Two-photon absorption (TPA) is a promising technique for high density 3D-addressing for writing and read-out of data, provided that suitable two-photon sensitive materials facilitating fast recording and read-out will be developed.
Free-base porphyrins and other metal-free tetrapyrroles, such as phthalocyanies and naphthalocyanines possess a unique fast intrinsic photo-tautomerization mechanism, which consists in switching the position of a pair of protons in the core of the molecule. In the past photo-tautomerization was used for holographic storage, but can be also applied for bit-oriented volumetric information storage using laser-excited fluorescence for readout. However, the utility of the photo-tautomerization for two-photon storage was severely restricted so far by the fact that all known tetrapyrroles have rather low TPA cross section, with values not exceeding 1 - 10 GM (1GM = 10-50 cm4 s photon-1).

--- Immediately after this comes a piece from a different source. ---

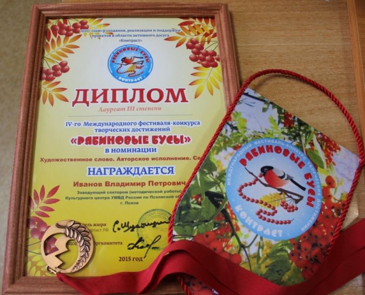 Лауреатом завершившегося в Подмосковье IV Международного фестиваля-конкурса творческих достижений «Рябиновые бусы» стал сотрудник УМВД России по Псковской области.

Recently we have discovered a new class of porphyrins, where TPA cross section is dramatically amplified by certain chemical modification of the chemical structure, and that some of the new porphyrins have the ability of photo-tautomerization by simultaneous absorption of two photons. In this paper we discuss the photophysics and nonlinear optics of the new porphyrins that can lead to fast volumetric re-writable optical storage. We present a quantitative comparison of the new compounds with previously known TPA chromophores and introduce a merit figure, which takes into account both TPA cross-section as well as the efficiency of light-induced changes. We show the combination of high cross sections of two-photon absorption, up to 1000 GM in near-IR range of wavelength, with the fast photo-tautomerization, offers, for the first time, a sufficiently high merit figure needed for implementation of high-density, high speed volumetric two-photon re-writable optical storage.